• Home
  • Skiing
  • Business Travel
  • Leisure Travel
  • Science
  • Business
  • Finance

medical imaging devices

Medical imaging has come a long way since Roentgen first stumbled across X-rays at the end of the 19th century. Roentgen’s first published X-ray image, a photographic plate showing the bone structure of his wife’s hand, looks little different from what a patient might receive after a visit to hospital today.

Advances in technology, however, have given health professionals a much wider array of diagnostic tools with which to delve beneath the skin of the human body.

Roentgen would be amazed at how X-rays have been harnessed in computed tomography (CT) devices. Here, an X-ray source and detector spin around the patient to yield three-dimensional images of the body. It has proved spectacularly successful in studying the brain and in assessing injuries to internal organs such as the spleen and liver and to the spine.

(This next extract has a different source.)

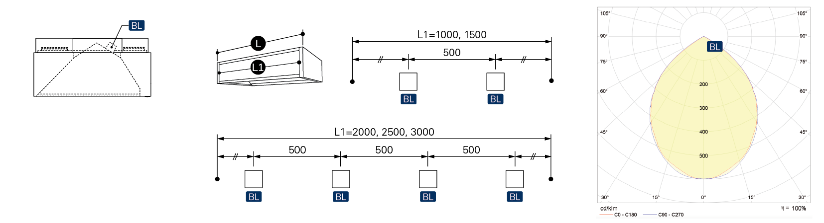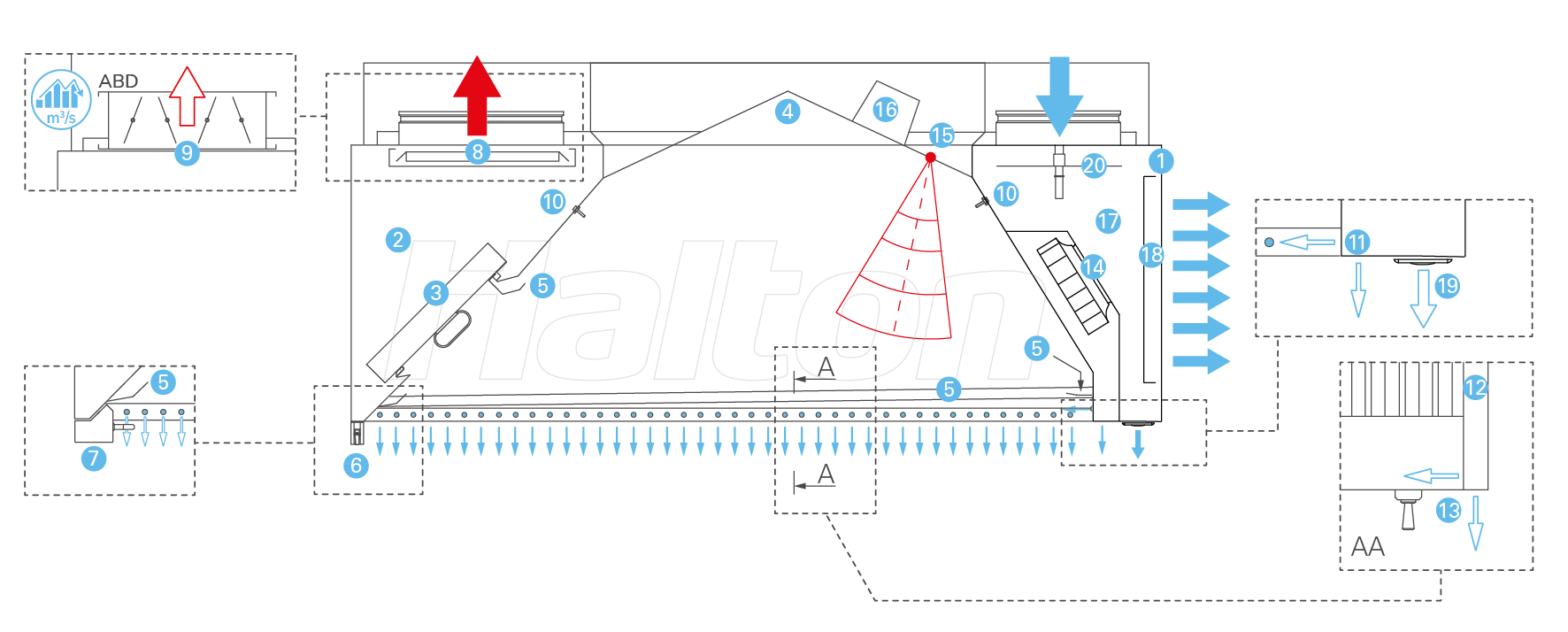 - Halton Skyline LED culinary LED spots flush-mounted on the hood roof (with individual protective cover on top).

Medical imaging has long been a favourite of the committees of the wise and good that decide the annual Nobel prizes. Just over a hundred years after Roentgen received the Nobel Prize for Physics for his discovery of X-rays, medical imaging is again winning plaudits. In the early 1970s, work by Paul Lauterbur and Peter Mansfield led to the development of magnetic resonance imaging (MRI) for medical purposes and this was recognised with the award of the 2003 prize for Physiology or Medicine. Rather than using X-rays to investigate the human body, MRI uses high-powered magnets to deliver radio frequency pulses to hydrogen atoms in body tissue, increasing their energy. When the pulse ends, radio waves are emitted by these atoms. Crucially, different types of tissue react in different ways to these pulses and this can be used to create diagnostic images. In the first years of MRI in the early 1980s, just over 22,000 scans were performed. Today, more than 60 million are carried out worldwide every year, particularly for looking at soft tissue, such as the brain, nerves, muscles, ligaments and tendons.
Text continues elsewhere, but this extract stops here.